So I will say how I do my internship rotations is I’ve prerecorded, some videos for them that kind of teaches them the basics of, Hey, here’s your keyword here is how to make an outline. Here’s how to make your article. here’s how to make your images. And they write blog articles for the website.
They do other projects to, you know, it really depends on their strengths and what they wanna do, but I’ve had a lot of interns from a lot of different programs now. Write articles for the blog and they love it too. And they’ll share it with their friends, with their family. I think I get a lot of sessions just from intern sharing.
right. And, and it’s just so fun too, cuz it’s something they could add to their own resume and their CV and show an example of work that they’ve done. Cause I always do include their names on the articles that way they get, you know, credit for it. So yeah.
Erica Julson: Yeah. So many things to unpack there, but one of the biggest pieces is like, who knows what ripple effect you’re gonna have with all of these people. exposing them to new business ideas, giving them the freelance writing slash SEO skills is a huge leg up. Whether they want to start their own brand or freelance or whatever, it’s a hugely marketable skill for them to learn. So, and it’s a win for you obviously. And you kind of answered, one of my questions was gonna be like, I know in my own thought process and my own past experiences, I’ve done some work with interns, not a ton, but , I did find it hard in some sense.
With each program, like they had different requirements and different lengths of time to spend with you. So it felt hard to like systematize, like what I was doing. I haven’t done it recently, but I did get to a point where I kind of had like a set thing of like, this is the type of stuff we’ll do, but I love that you said that you record videos cuz that’s a great way. So you’re not repeating yourself a zillion times, like one on one with people, you know, one to many in the in the internship world.
Katie Dodd: Yes, absolutely. And it also helps us to get the most out of our one on one time together because then I could really focus on, okay, how can I help you and your career and what you wanna do and what you wanna build as a dietitian.
So. I love working with students and they always have a really good experience. I think sometimes we think as a dietitian, I have to sit there with them the whole time, but you really don’t. You just have to give them the skills, provide lots of value and support them in their journey.
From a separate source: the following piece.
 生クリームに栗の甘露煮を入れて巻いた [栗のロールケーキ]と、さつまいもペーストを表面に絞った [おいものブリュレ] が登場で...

And it is fun for them to get the experience of what it’s like to be an entrepreneur, because I give them assignments, I give them tasks and I said, okay, you’re an entrepreneur.
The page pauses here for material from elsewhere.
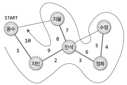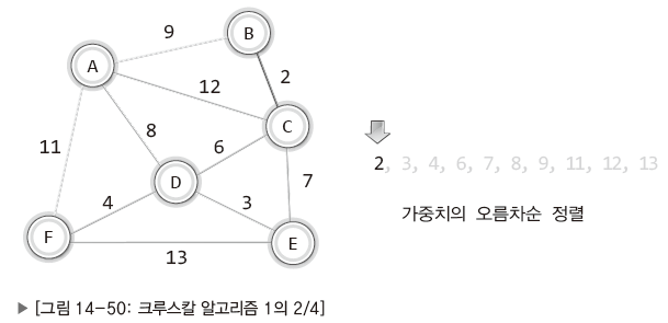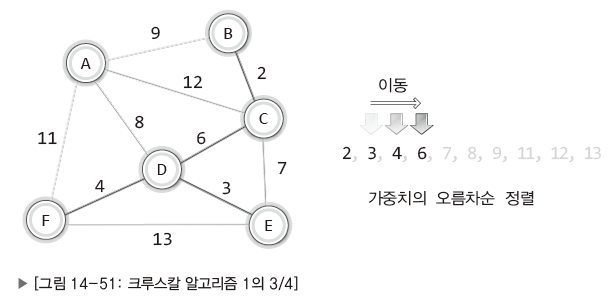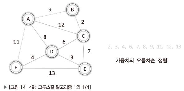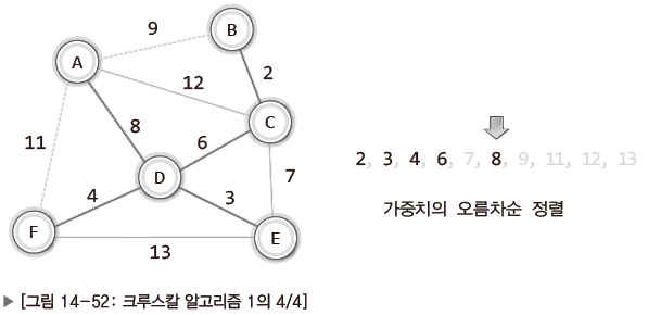- 이 때의 크루스칼 알고리즘 핵심은 다음과 같다.

You get to make your own schedule. You get to figure out, are you gonna work, you know, , four days in the week and cram it all in and have three day weekends? Or are you gonna spread it out work a little bit every day, do the morning, do the night. So it’s really wonderful. They get to actually experience what it’s like to be an entrepreneur, have that time, freedom and have that flexibility of working when your brain works the best yeah, it’s fun.
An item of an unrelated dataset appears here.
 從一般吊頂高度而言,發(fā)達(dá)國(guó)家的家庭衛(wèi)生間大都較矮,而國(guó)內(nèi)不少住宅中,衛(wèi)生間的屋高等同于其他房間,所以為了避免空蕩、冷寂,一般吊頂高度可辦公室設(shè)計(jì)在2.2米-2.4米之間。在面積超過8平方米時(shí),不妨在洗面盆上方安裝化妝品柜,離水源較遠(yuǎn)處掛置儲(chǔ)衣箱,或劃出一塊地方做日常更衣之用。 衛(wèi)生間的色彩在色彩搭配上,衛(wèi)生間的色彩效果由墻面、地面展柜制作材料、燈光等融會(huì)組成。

Erica Julson: And as you’ve grown, your geriatric dietitian blog, has it mostly been SEO? Have you dabbled in social media at all? What’s been your main growth strategy.
Katie Dodd: Mostly SEO. You know, I dabbled in Pinterest in the beginning, but Pinterest has changed the game so much. I just got over it in the beginning. That was a pretty decent source of traffic. I mean, not nothing compared to SEO, but, I just couldn’t keep up with the strategies and how things were changing. And I was just, I was over it. So I no longer focus on Pinterest. I just focus on SEO. So search from Google. Yeah. And a lot of it’s from tracking my data and I was pretty active on Instagram for at least a year.
I was posting every single day until I realized this really doesn’t for the goal of what I do. I, I don’t wanna work with patients through, through anything, especially not the geriatric dietitian. And so my goal is just traffic to the website. And I mean, I get like five people a month who actually click on link in bio from Instagram. So I actually stop posting there unless I have interns who wanna dabble in it. We’ll we’ll do that. But, yeah, it’s all SEO right now.
Erica Julson: That’s a really good point. I try to highlight that as often as possible on the blog that you don’t have to do, like what everyone else is doing, if it doesn’t work for your unique goals in your business.
So follow your own data. your own information on where your actual, what, whatever you’re trying to get, whether it’s traffic. Conversions leads, email. Opt-ins like, make sure you know where your stuff’s coming from. So you can lean into the stuff that’s working for you and not feel like cuz who knows.
You could have spent hours continuing to go hard on Instagram. Cuz you think you have to, when it’s giving you five people and your main goal is traffic for ads or whatever. So very good point. and then what about back links? have you focused on that at all? Or you just kind of let it come naturally. What’s been most effective for you.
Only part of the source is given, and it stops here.